Prima del rilascio dell’autorizzazione, sono consultati i servizi cantonali interessati, le autorità locali e le imprese di trasporto pubblico operanti nella zona.
Il rinnovo, la modifica o il trasferimento delle autorizzazioni può avvenire d’ufficio, sentito il committente, con la sola notifica al detentore, qualora non siano intervenuti cambiamenti sostanziali nell’organizzazione del servizio e nell’organizzazione dei trasporti pubblici nella zona interessata.
Tutte le imprese di trasporto pubblico e gli enti pubblici possono in ogni momento richiedere alla Sezione della mobilità l’elenco delle autorizzazioni in vigore.
Capitolo III
Tutti i veicoli devono essere tenuti costantemente in buono stato e conformi alla legislazione sulla circolazione stradale.
Salvo i veicoli sottoposti al controllo dell’Ufficio federale dei trasporti, i veicoli utilizzati sono esaminati e controllati dall’Ufficio tecnico della Sezione della circolazione, secondo quanto stabilito dall’OECTV (Ordinanza concernente le esigenze tecniche per i veicoli stradali).
I conducenti devono essere in possesso del permesso di guida corrispondente alla categoria del veicolo utilizzato e conforme alla legislazione federale.

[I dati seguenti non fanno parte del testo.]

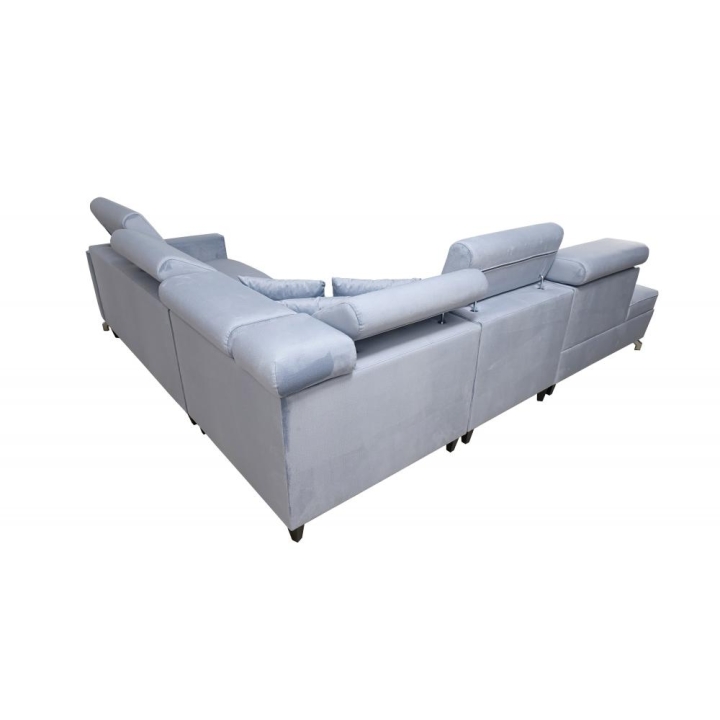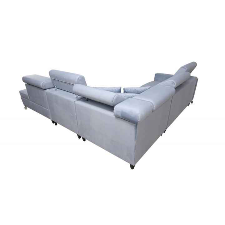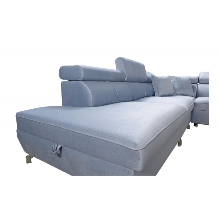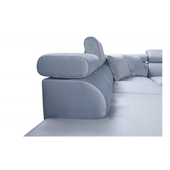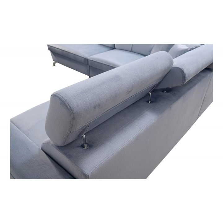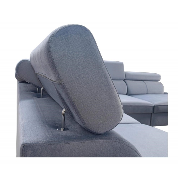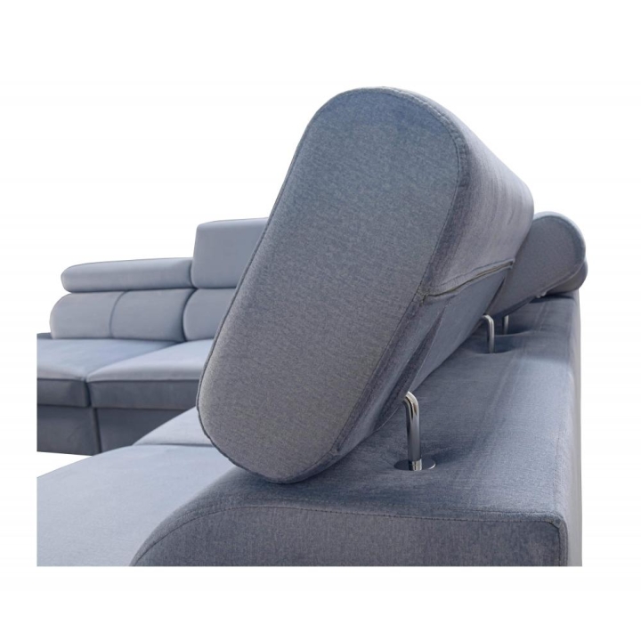 Model wyposażono w 6 regulowanych zagłówków, które umożliwiają dostosowanie poziomu podparcia do bieżących potrzeb. Zastosowanie sprężyn falistych oraz utwardzonej pianki T-30 wpływa na stabilność siedziska i wieloletnią trwałość całej konstrukcji. Całość wspiera wzmocniony stelaż wykonany na ramie drewnianej łączonej z płytą wiórową, co znacząco podnosi odporność mebla na intensywną eksploatację.

Vengono riscosse le seguenti tasse per:
a) il rilascio dell’autorizzazione fr. 500.--;
b) il rinnovo dell’autorizzazione fr. 350.--;
c) la modifica dell’autorizzazione in seguito
ad estensione della linea fr. 500.--;
d) la modifica dell’autorizzazione in casi diversi
da quelli previsti dalla lettera c fr. 250.--;
e) il trasferimento dell’autorizzazione fr. 250.--;
f) il rilascio dell’autorizzazione per servizi sostitutivi
che coprono unicamente una parte dell’offerta fr. 250.--.
Non si prelevano tasse per le autorizzazioni di trasporto di scolari.
Capitolo IV
Contro la decisione della Sezione della mobilità o del Dipartimento del territorio, è data facoltà di ricorso al Consiglio di Stato.

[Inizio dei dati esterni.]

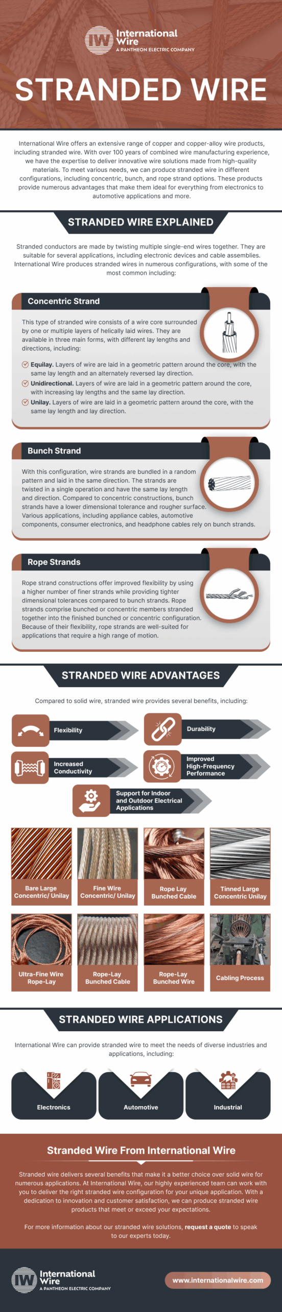 International Wire offers an extensive range of copper and copper-alloy wire products, including stranded wire. With over 100 years of combined wire manufacturing experience, we have the expertise to deliver innovative wire solutions made from high-quality materials. To meet various needs, we can produce stranded wire in different configurations, including concentric, bunch, and rope strand options. These products provide numerous advantages that make them ideal for everything from electronics to automotive applications and more.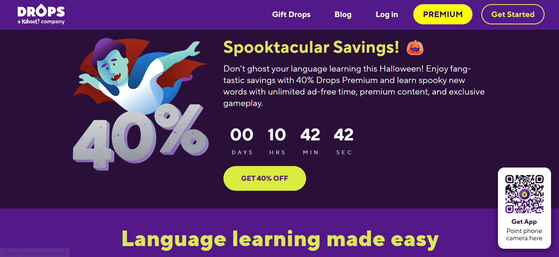 Drops teaches vocabulary through short, game-like sessions that use curated word lists and custom illustrations to aid recall. The interface rewards progress and tracks your streaks to keep motivation high.

È applicabile la legge sulla procedura amministrativa del 24 settembre 2013.
Le sanzioni concernenti le infrazioni al diritto di trasporto delle persone sono di competenza della Confederazione.
Il Dipartimento del territorio, tramite la Sezione della mobilità, è incaricato di allestire i preavvisi richiesti dall’Ufficio federale dei trasporti relativi alle concessioni federali.
Il presente Regolamento è pubblicato nel Bollettino ufficiale delle Leggi e degli atti esecutivi del Cantone Ticino ed entra in vigore il 1° gennaio 2007.
È abrogato il Regolamento concernente le autorizzazioni cantonali di trasporto del 14 dicembre 1999.
Pubblicato nel BU 2007, 31.
Cpv. modificato dal R 18.2.2014; in vigore dal 1.3.2014 - BU 2014, 119.